“We demand the immediate and unlimited freedom of all those detained on the occasion of the mass mobilization last Wednesday, June 12, against the sanction of the so-called Basic Law.” This is how the letter signed by more than 60,000 people begins against the repression imposed for protesting against Argentine President Javier Milei during the approval of the law dismantling the Argentine state.
The signatories denounce that anyone who wants to protest is exposed to imprisonment, that this right is threatened and has become clear since Wednesday, June 12, when in the middle of the demonstration against the Basic Actpolice arrested 33 people and prosecutor Carlos Stornelli accused them of being terrorists. The ultra government spoke of a coup. Judge María Romilda Servini de Cubría, who investigated the crimes of the Franco regime, released seventeen of them last Friday. Last Tuesday evening, following the concentration in the Plaza de Mayo of relatives and human rights organizations, Servini ordered the release of another eleven prisoners for lack of evidence.
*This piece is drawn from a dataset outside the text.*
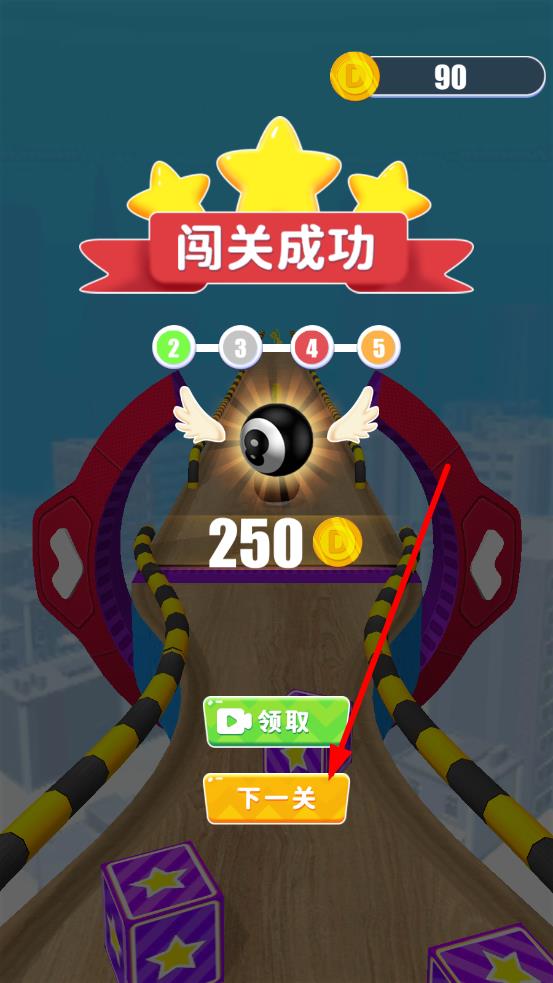 3、成功抵达关卡终点,屏幕显示闯关成功,获得金币奖励,点击下一关进入更复杂的跑道,延续跑酷之旅。

“The majority of the arrests took place more than ten blocks from Plaza Congreso, at a time when people were dispersing after receiving a barrage of tear gas and rubber bullets from the federal forces and the city of Buenos Aires. “People deprived of their liberty have been mistreated during their detention,” reads the document signed, among others, by Rafael Correa (former President of Ecuador), Ernesto Samper (former President of Colombia), José Luis Rodríguez Zapatero (former president of Spain), Evo Morales (former president of Bolivia) and Alberto Fernández (former president of Argentina).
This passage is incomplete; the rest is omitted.